Sagemaker

Sagemaker

I’m looking into AWS Sagemaker now in order to run some machine learning models. I’m working with a team of Data Scientists who are developing models and I need to get my head around how this works from an Engineering standpoint.

I’m doing some basic investigation on all of the different types of hosting and environments. It’s clear to me that most Data Scientists are working in Python. We aren’t a Python shop generally, we are Go and Node. That doesn’t matter too much since we are using AWS ECS and running containers for everything so we can run a Python container.

Apart from this there are a bunch of different frameworks for doing ML. Pytorch seems to be the modern frontrunner. Back a few years ago I was messing with Tensorflow, but that seems long-in-the-tooth now.

Once we train a model then what? We need a way to set this stuff up in a production environment.
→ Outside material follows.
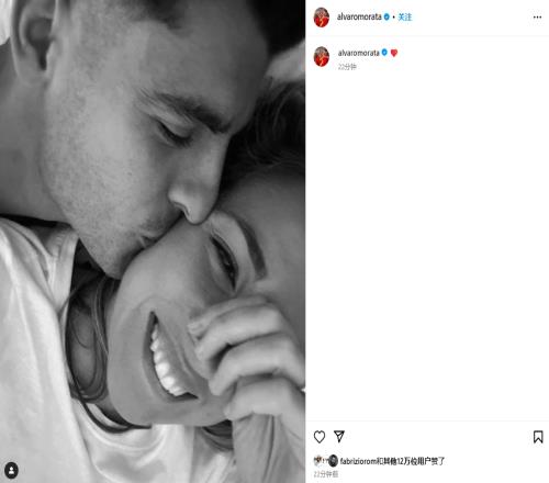 重归于好莫拉塔社媒晒照亲吻妻子,两人曾在5个月前宣布离婚

AWS Sagemaker is designed for this, but the DS folks are working in Hex worksheets. Hex has some basic compatibility with Jupyter but with some extended attributes like SQL frames and input variables.

Yikes. So I’m going to try to get AWS Sagemaker Studio set up with an exported workbook and see what happens.

Sagemaker imports from Hex have some meta statements that aren’t directly in the Hex notebook. I’m working through this.

I have no idea where this is coming from, I can only imagine that Hex is adding this during export for compatibility.

I uploaded some .csv files and it picked them up in the code.

That’s a good start. I need to figure out how to get lightgbm installed here.